Fran wasn’t ever fully “healed,” but her life was spared, and to this day she deals with headaches and has to keep close monitor of her health. But through this experience and over the span of a few years an entire community of faith was spiritually healed, and this community has gone on to bring spiritual healing and new life to thousands of people across the country, including me.
What the Bible passage points to is that people are healed as they draw close to Jesus, and some of it may be physical healing, but always we receive inner healing as we draw close to Jesus. My brother did not receive physical healing, but did receive inner healing which gave him a measure of deep peace as he learned to accept his mortal condition. Fran, who did receive a measure of physical healing, saw an entire church community healed spiritually through the trial that she endured.

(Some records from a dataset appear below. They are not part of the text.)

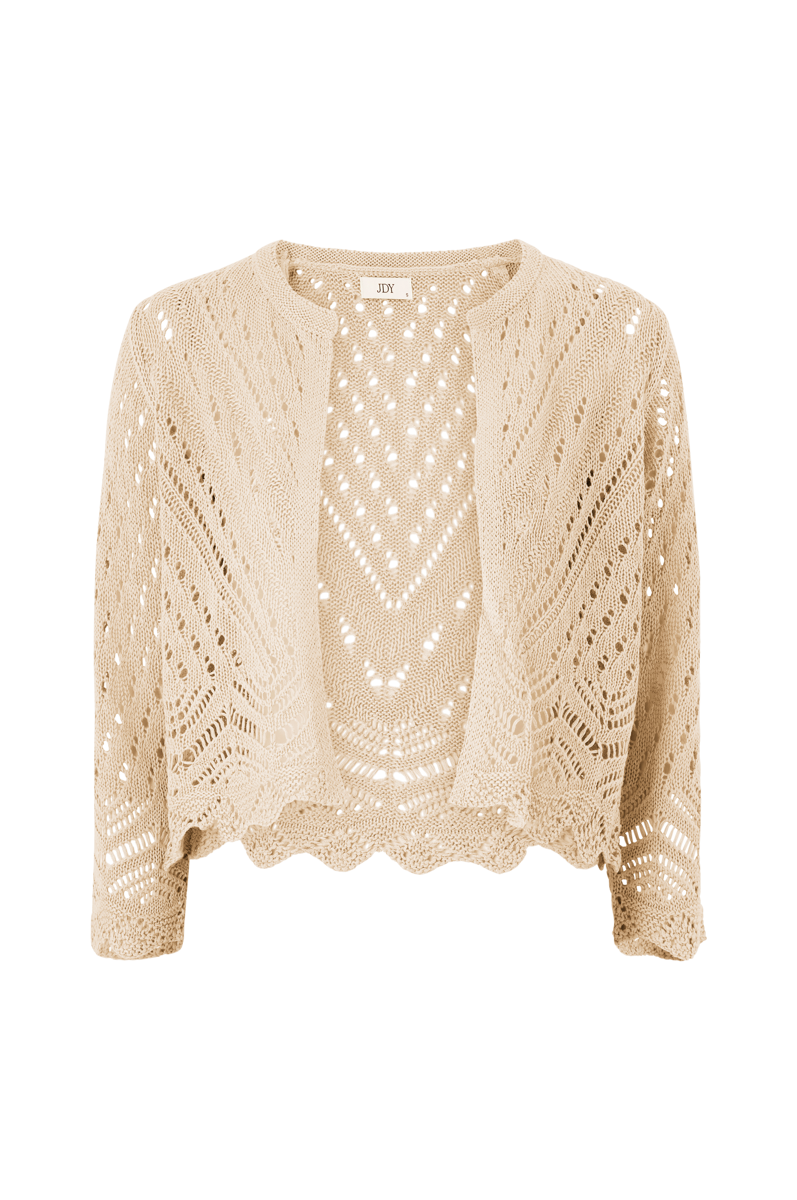 Meget dejlig, luftig og elegant sommertrøje. Perfekt over en tunika eller kjole, man føler sig fin og velklædt i denne cardigan!!! Den benhvide farve passer til alle farver og mønstre, pe…
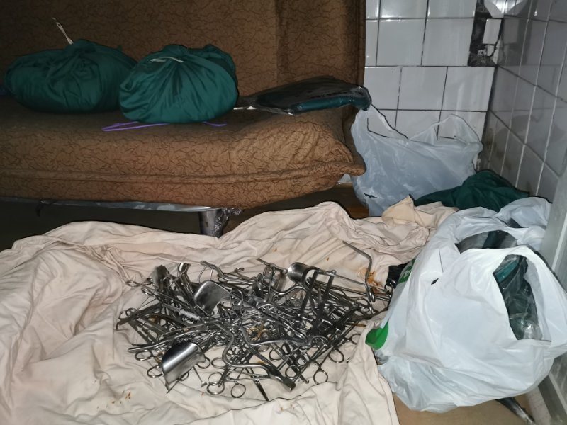 2019年12月14日,手術(shù)場地被新河警方查抄后遺落的器械。新京報記者 李英強 攝
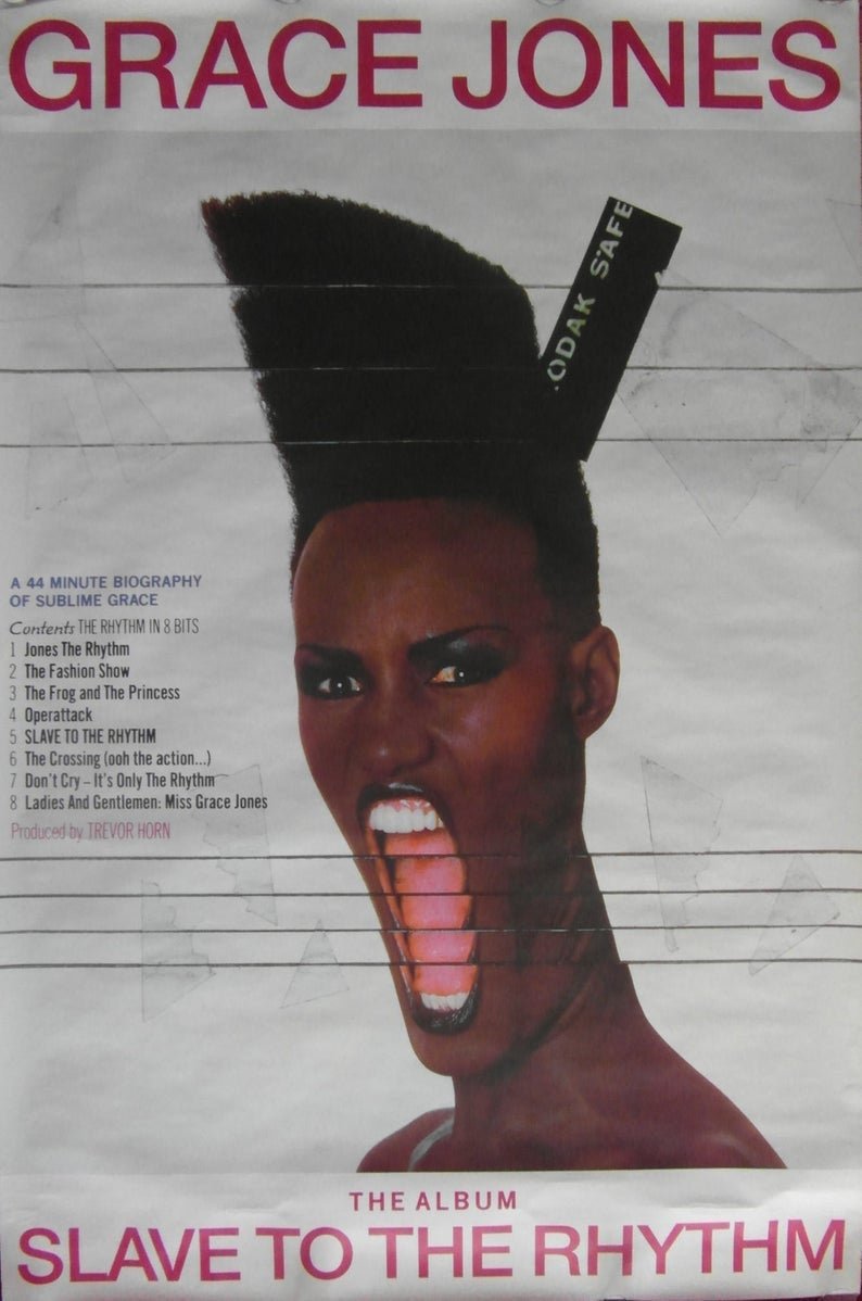Original subway Grace Jones promotional poster for the Album ‘Slave to the Rhythm’ released on 28th October 1985 on Island Records. The art work, designed by Jean Paul Goude, is a montage of several copies of a single photograph of Grace, that makes her hair look extended and her mouth look stretched. Subway posters were produced by the record companies in limited runs and as such are rare.
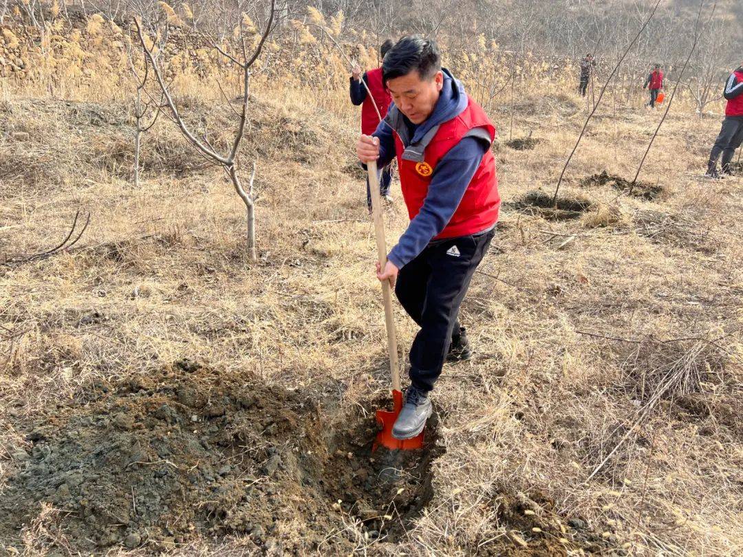 志愿者们虽然都生活在城市,工厂,但像栽板栗树这样的活儿从2008年开始到现在也有15年的经验了,所以干起活来也是驾轻就熟。挖坑、栽树、浇水、培土大家配合默契,到当天中午,山坡上一块块地里就立起了一片片果林。
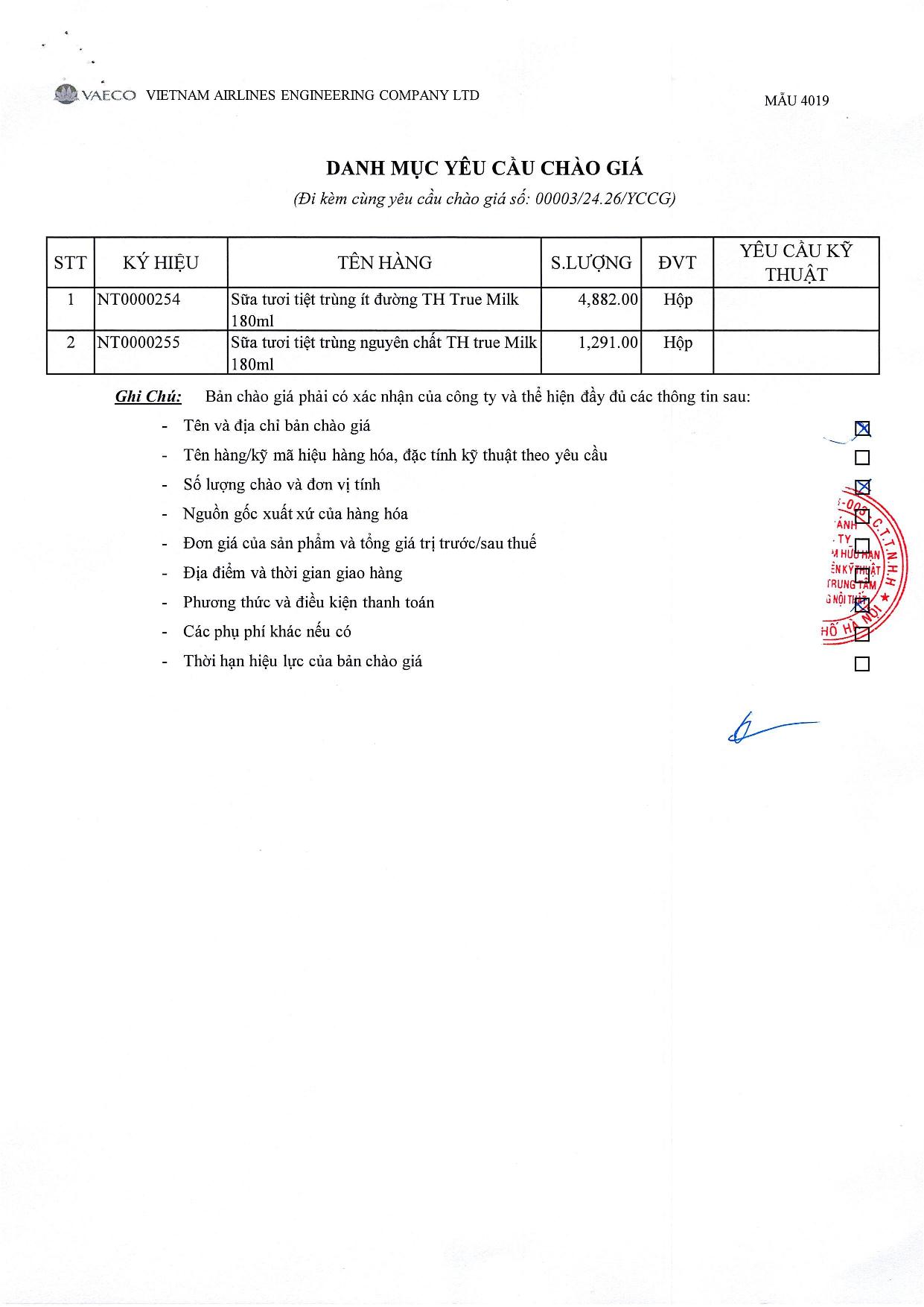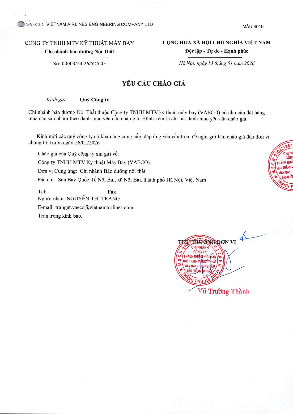 Chi nhánh Bảo dưỡng Nội Thất thuộc Công ty TNHH MTV Kỹ thuật Máy bay (VAECO) có nhu cầu đặt hàng mua các sản phẩm theo danh mục yêu cầu chào giá. Đính kèm là chi tiết danh mục yêu cầu chào giá.

The healing of communities, of society, doesn’t happen like magic; it happens as individuals, one by one, draw closer and closer to Jesus, close enough for His power to enter into us and heal our lives, so that we can carry that power with us, the power that can heal the world.
Jesus draws near to the people who seek him, and he touches them and they are healed. But he emphasizes that it is through our faith that his power moves. Author N.T. Wright asks the question: was it Jesus’ power that rescued the woman, or was it her own faith? “Clearly,” Wright continues, it was Jesus’ power; but then he says, ‘Your faith has made you well.’ The answer must be that faith, though itself powerless, is the channel through which Jesus’ power can work.” Thanks be to God. Amen.
Endnotes
N.T. Wright, “Mark for Everyone.” Louisville, KY: Westminster John Knox Press, 2004; p. 61.